EU ETS 2026: The Methane Question That's Changing Shipping Costs
The EU Emission Trading System (ETS) has reached a critical milestone. From January 2026, shipping companies must surrender allowances covering 100% of their CO₂e emissions on EU-related voyages—up from 70% in 2025. But the bigger story this year is the expansion of covered greenhouse gases to include methane (CH₄) and nitrous oxide (N₂O).
Why Methane Matters Now
Methane has a global warming potential approximately 28 times higher than CO₂ over a 100-year period. Nitrous oxide? Approximately 265 times more potent.
For carriers that have bet big on LNG as a transitional fuel, this creates a uncomfortable reality: while LNG-powered vessels emit less CO₂ than conventional heavy fuel oil, they face methane slip—uncombusted methane passing through the engine into the exhaust. Even a small slip rate can significantly erode LNG's climate benefit and, from 2026 onwards, directly increase compliance costs.

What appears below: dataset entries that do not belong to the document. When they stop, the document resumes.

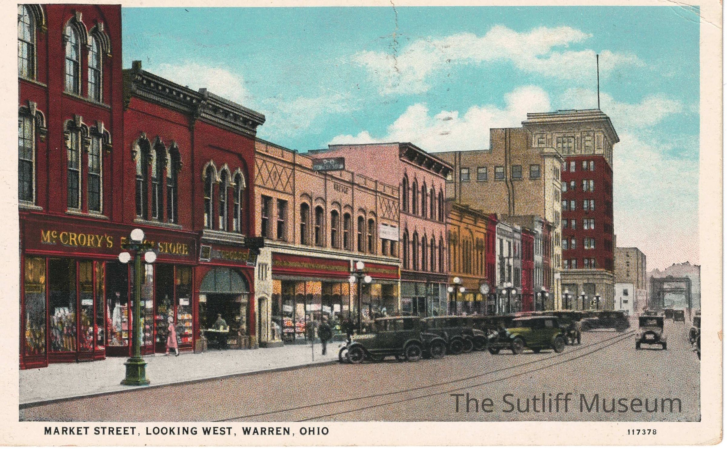 Architecture, Art, Artifacts, Automobiles, Buildings, Business & Commerce, Correspondence/Postcard, Cultural Activities, Domestic Life, People, Postal Services, Recreation, Social & Personal Activity, Transportation, Warren, Ohio, Market Street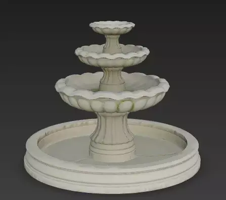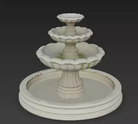 Realistic Moss Details The most striking detail is the green moss and algae growing on the edges of the middle bowls. These green stains show that the fountain has been wet and exposed to nature for a long time, adding a layer of history to the object.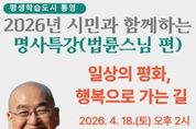 미담타임스 황명수 기자 | 통영시는 오는 4월 18일 오후 2시, 통영시민문화회관 대극장에서 '평생학습도시 통영, 2026년 시민과 함께하는 명사초청 강연'의 두 번째 순서로 법륜스님을 초청해 명사 특강을 개최한다. 평화재단 이사장이자 정토회 지도법사인 법륜스님은 즉문즉설 형식의 강연을 통해 사람들의 다양한 고민에 대해 명쾌한 해법을 제시하며 큰 호응을 얻고 있다. 이번 강연은 ‘일상의 평화, 행복으로 가는 길’을 주제로 진행되며, 특히 법륜 스님 특유의 ‘즉문즉설(卽問卽說)’이 예정돼 있어 기대를 모으고 있다. 정해진 주제 없이 현장에서 시민들이 직접 작성한 고민과 번뇌를 ‘즉문함’에 넣으면, 스님이 이를 즉석에서 선택해 명쾌한 해답과 위로를 건네는 소통형 강연으로 꾸며질 예정이다. 특히 삶의 무게와 고통 속에서 길을 찾는 시민들에게 스님의 지혜로운 통찰이 담긴 답변이 실시간으로 전해지며 깊은 공감과 치유의 장이 될 것으로 기대된다. 참석을 희망하는 시민은 사전 신청 없이 당일 현장 방문을 통해 자유롭게 참여할 수 있다. 시 관계자는 “이번 강연이 시민들에게 마음의 여
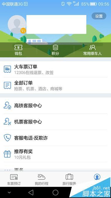 3、在个人中心界面,我们可以查看火车票订单。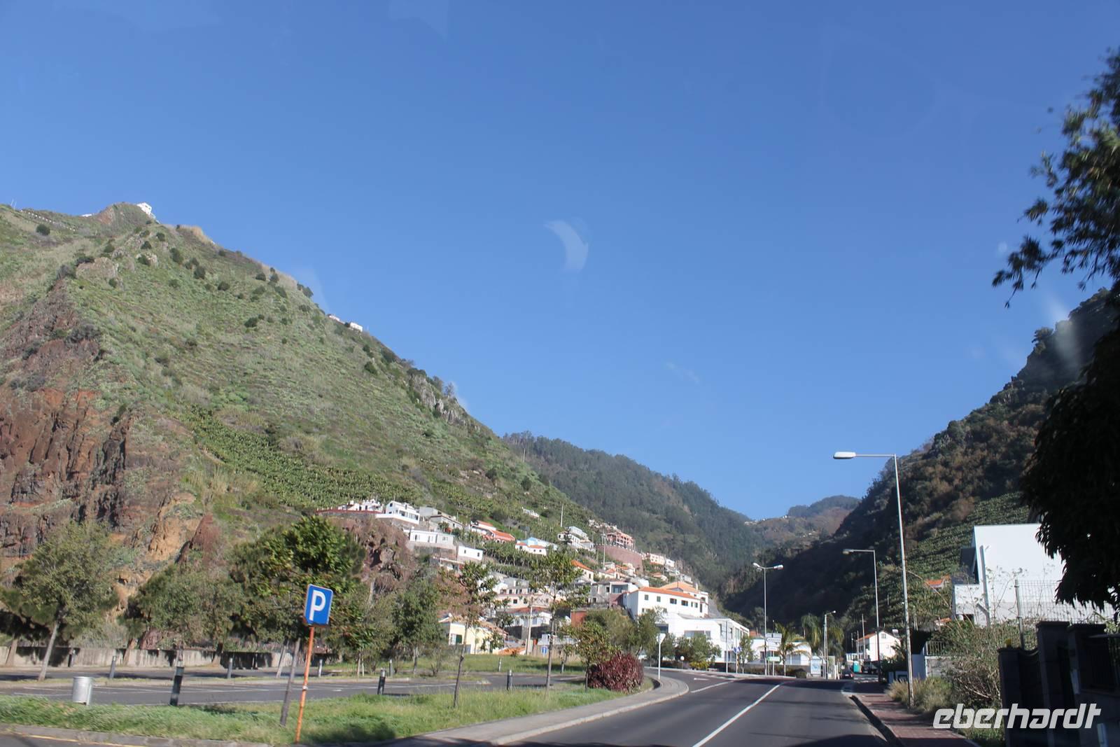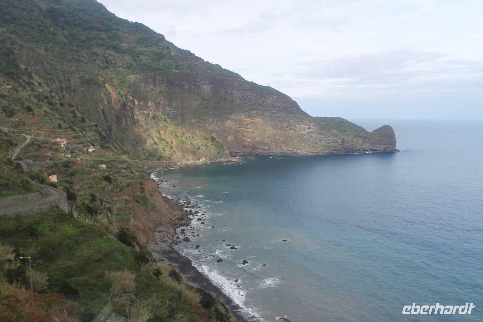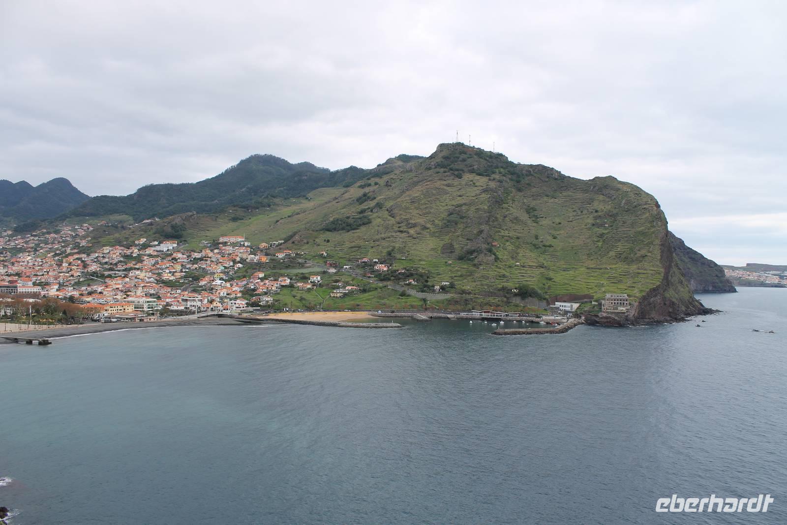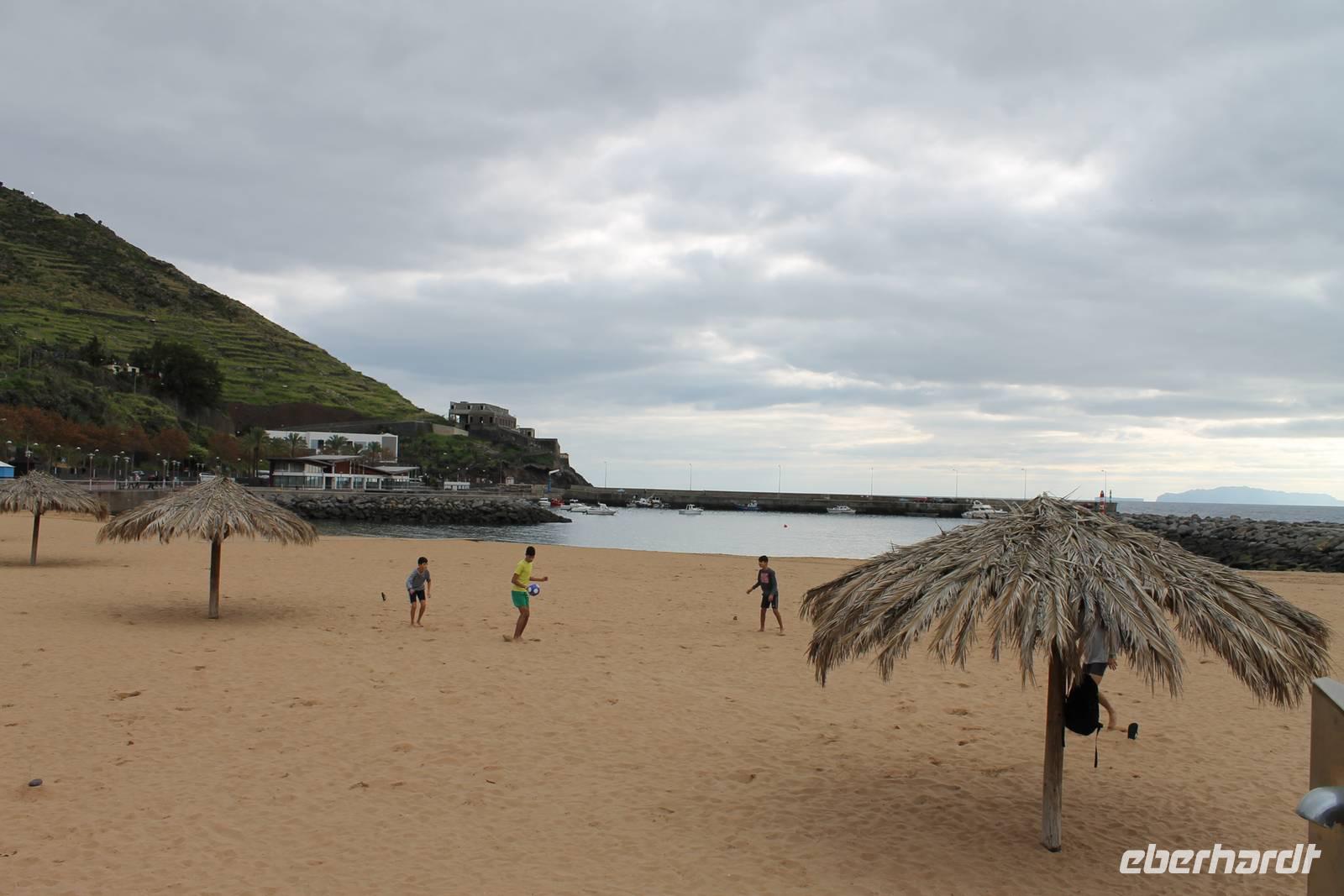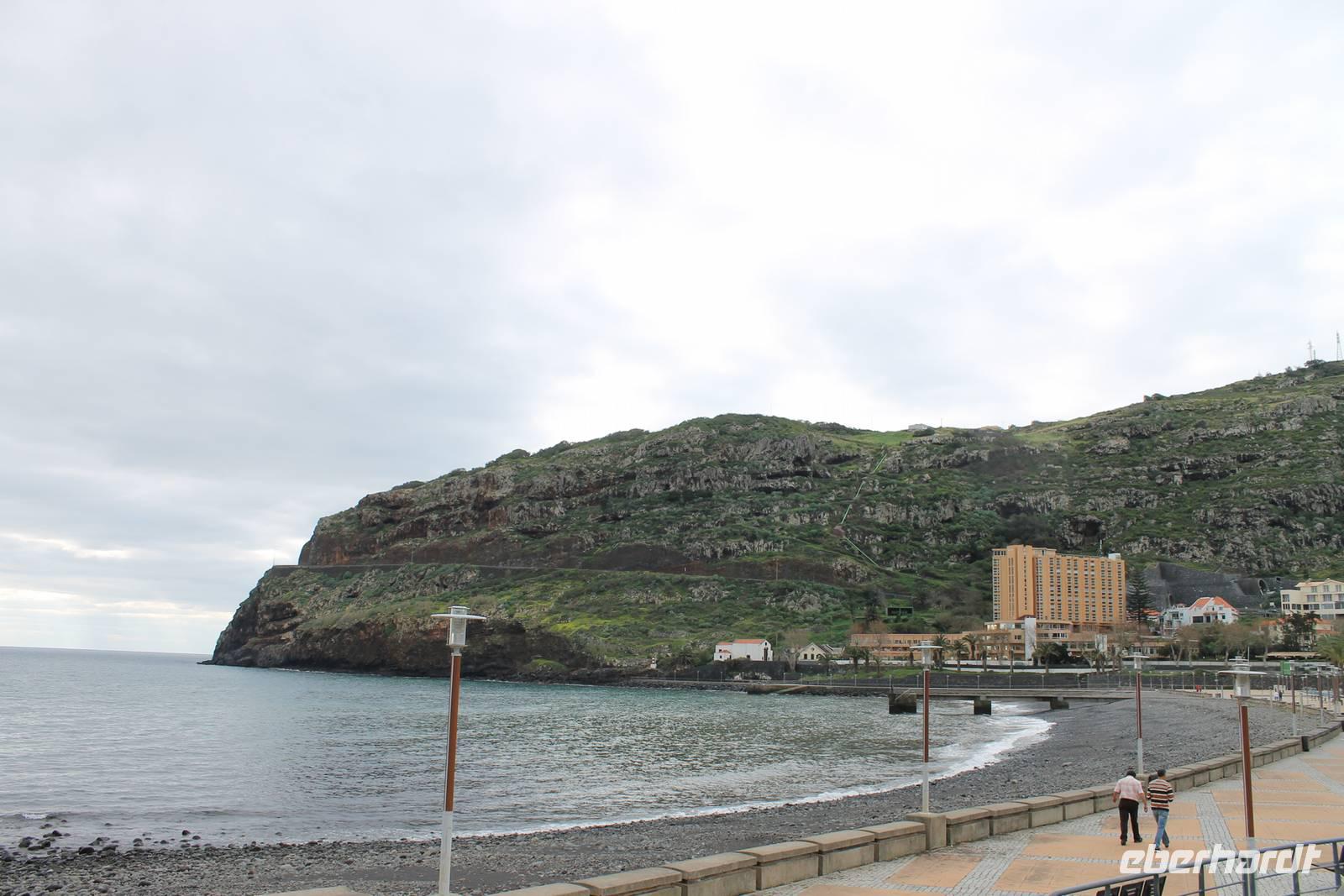 Nach der Ankunft werden wir direkt zum Hotel gebracht, checken ein und kurz danach treffen wir uns auch schon wieder mit der anderen Gruppe, um gemeinsam gegen 10.30 das Programm zu beginnen. Heute steht das gebirgige Landesinnere und die Ostküste auf dem Programm. Wir fahren zuerst nach Machico an der Ostküste, wo sich ein schöner (dunkler) Sandstand befindet.

Carrier Strategies Diverging
The major carriers have taken markedly different approaches:
| Carrier | Primary Fuel | Forward Bet | Net-Zero Target |
|---|---|---|---|
| Maersk | Biofuels + grey methanol | Green methanol | 2040 |
| Hapag-Lloyd | LNG | Methanol (2028+) | 2045 |
| CMA CGM | LNG / biomethane | Methanol + ammonia | 2050 |
| ZIM | LNG (ammonia-ready) | Ammonia | 2050 |
| MSC | LNG | Multi-fuel | 2050 |
What Shippers Need to Know
The inclusion of methane and N₂O is a direct signal that fuel strategy is no longer just a carrier's ESG concern—it directly affects the surcharges you pay.
Carriers running large LNG fleets will face higher EU ETS surcharge exposure unless they can demonstrate low methane slip rates or offset with bio-LNG. Those operating on biofuels or green methanol face lower GHG intensity and potentially lower surcharges.
The opportunity: Shippers can now actively select carriers whose fuel strategy aligns with their own Scope 3 emissions targets.
The Infrastructure Gap
Here's the uncomfortable truth: all these strategic choices raise one fundamental question—will ports actually be able to deliver the fuel?
- LNG: Over 200 ports with bunkering facilities, but demand is outpacing supply
- Green Methanol: Only ~48 ports globally—well below what's needed
Key Takeaways
- 100% ETS coverage is now in effect for EU maritime voyages
- Methane slip is the new cost variable for LNG-powered vessels
- Carrier selection now has direct financial implications via ETS surcharges
- Fuel infrastructure remains the bottleneck for the energy transition
The message is clear: understanding fuel strategy isn't optional anymore—it's a compliance and cost imperative.